Example: Feed rendering

// Bad: Render all 1000 posts
{posts.map(post => <Post key={post.id} post={post} />)}

// Good: Virtual scrolling
<VirtualList
  items={posts}
  height={window.innerHeight}
  itemHeight={200}
  renderItem={post => <Post post={post} />}
/>

Nostr-Specific Considerations

Challenge 1: Multi-Relay Query Latency

The problem: Querying 10 relays in parallel means waiting for the slowest one. [Data:23] Only 639 relays online globally, with varying performance.

Current failures:

  • App waits for all relays before showing any content
  • One slow/dead relay blocks entire feed load
  • No progressive display as results arrive
  • Users see blank screen or spinner for 5-10 seconds
  • [Data:24] Clients can open “hundreds of WebSocket connections simultaneously” causing performance overhead
  • [Research:48] Academic research: “Replication of posts across relays enhances censorship-resistance but introduces significant overhead”

Solutions:

Pattern A: Race-based loading

// Show content as soon as ANY relay responds
const posts = []
const relayPromises = relays.map(relay =>
  relay.query(filter).then(events => {
    posts.push(...events)
    renderPosts(posts) // Update UI immediately
  })
)

// Don't wait for all - update progressively

Pattern B: Timeout with fallback

const FAST_RELAY_TIMEOUT = 1000 // 1s
const SLOW_RELAY_TIMEOUT = 5000 // 5s

// Query fast relays first
const fastResults = await Promise.race([
  queryFastRelays(filter),
  delay(FAST_RELAY_TIMEOUT)
])

renderPosts(fastResults) // Show immediately

// Continue querying slow relays in background
querySlowRelays(filter).then(slowResults => {
  mergePosts(fastResults, slowResults)
  renderPosts(allPosts)
})

Pattern C: Relay performance tracking

// Track relay latency over time
interface RelayStats {
  avgLatency: number
  successRate: number
  lastSuccess: timestamp
}

// Query fastest relays first, slowest last
const sortedRelays = relays.sort((a, b) =>
  stats[a.url].avgLatency - stats[b.url].avgLatency
)

Challenge 2: Event Signature Verification Overhead

The problem: Cryptographic signature verification is CPU-intensive.

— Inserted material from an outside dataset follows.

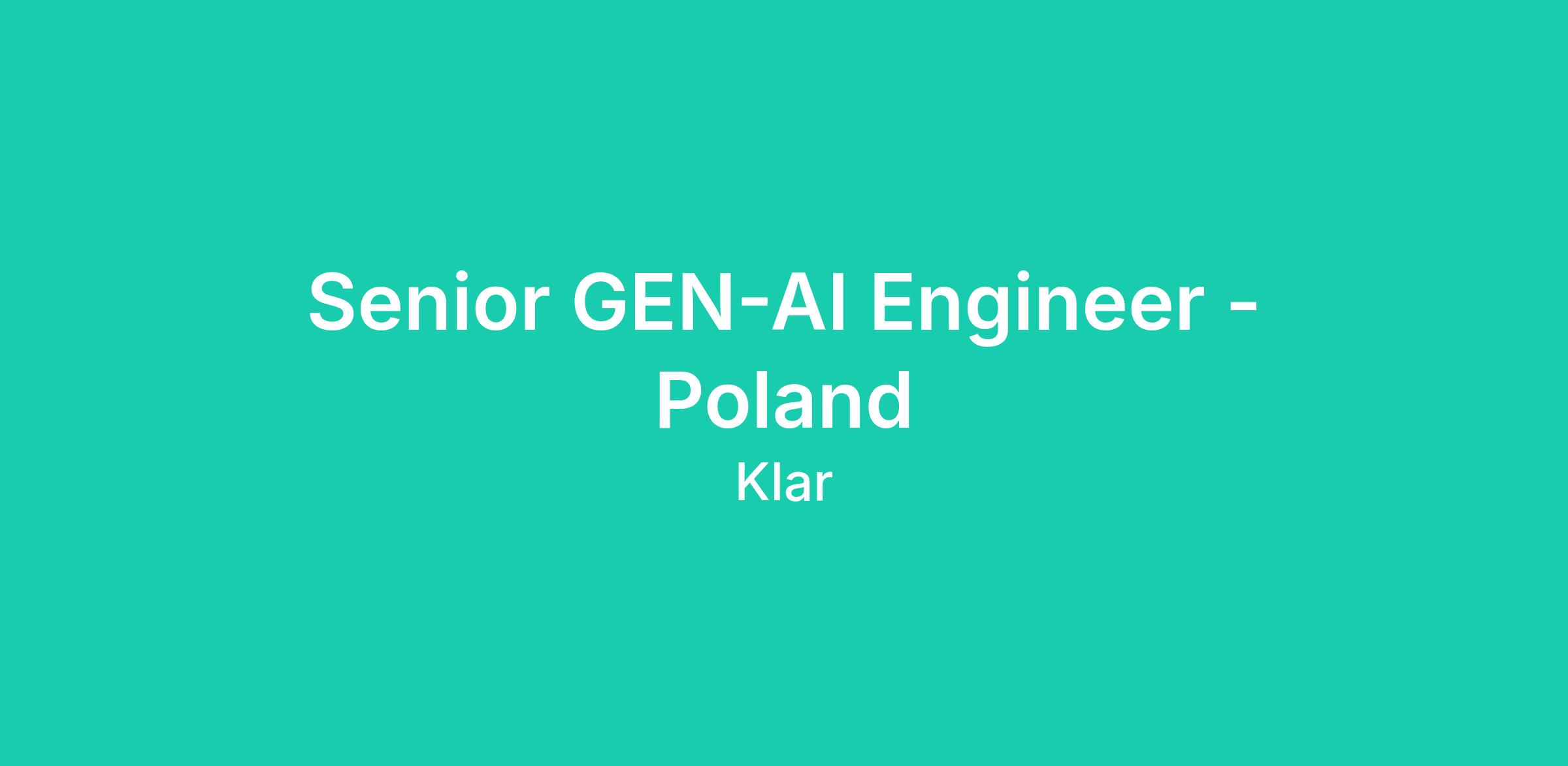 Senior GEN-AI Engineer - Poland

Current approach: Verify every event signature synchronously on arrival.

Performance impact:

  • Blocks UI thread
  • ~1-5ms per event verification
  • 100 events = 100-500ms of blocking

Critical security vs performance trade-off: [Data:25] Black Hat USA 2025 research found several clients (Damus, Iris, FreeFrom, Plebstr past versions) omit signature verification entirely to improve speed. Recommendation: Enforce mandatory verification in NIP-01, but use Web Workers to avoid blocking.

Solutions:

Pattern A: Web Workers for verification

// Offload verification to background thread
const verificationWorker = new Worker('verify-worker.js')

verificationWorker.postMessage({ events })

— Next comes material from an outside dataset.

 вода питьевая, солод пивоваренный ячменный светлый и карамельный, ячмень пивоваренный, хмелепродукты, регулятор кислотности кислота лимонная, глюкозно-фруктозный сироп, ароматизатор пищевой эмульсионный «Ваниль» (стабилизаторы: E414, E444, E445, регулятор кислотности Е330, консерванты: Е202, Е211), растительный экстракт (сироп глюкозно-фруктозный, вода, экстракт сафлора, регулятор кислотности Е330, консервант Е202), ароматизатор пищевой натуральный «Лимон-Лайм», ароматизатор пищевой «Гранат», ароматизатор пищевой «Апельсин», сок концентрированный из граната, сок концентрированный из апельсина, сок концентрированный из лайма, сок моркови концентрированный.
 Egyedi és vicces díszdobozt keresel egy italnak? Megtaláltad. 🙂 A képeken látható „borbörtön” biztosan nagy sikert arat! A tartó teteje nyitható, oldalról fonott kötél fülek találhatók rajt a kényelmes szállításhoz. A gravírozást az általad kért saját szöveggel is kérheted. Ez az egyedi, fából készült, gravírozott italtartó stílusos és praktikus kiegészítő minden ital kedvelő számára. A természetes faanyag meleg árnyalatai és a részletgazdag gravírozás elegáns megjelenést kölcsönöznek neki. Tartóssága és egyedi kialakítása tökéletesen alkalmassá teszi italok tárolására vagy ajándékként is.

verificationWorker.onmessage = ({ data: { verified, invalid } }) => {
  renderPosts(verified)
  logInvalid(invalid)
}

Pattern B: Lazy verification

// Verify on-demand, not upfront
function renderPost(event) {
  // Show immediately with "Verifying..." badge
  const verified = verifyLazily(event)

  if (!verified) {
    hidePost(event) // Remove if invalid
    showWarning("Invalid signature detected")
  }
}

Pattern C: Trust-based verification

// Skip verification for trusted sources
const trustedPubkeys = getUserFollows() // WoT

if (trustedPubkeys.includes(event.pubkey)) {
  return event // Skip verification
} else {
  return verifyEvent(event) // Verify unknown sources
}

Challenge 3: Caching Strategy for Nostr Data

The problem: No built-in caching in Nostr protocol.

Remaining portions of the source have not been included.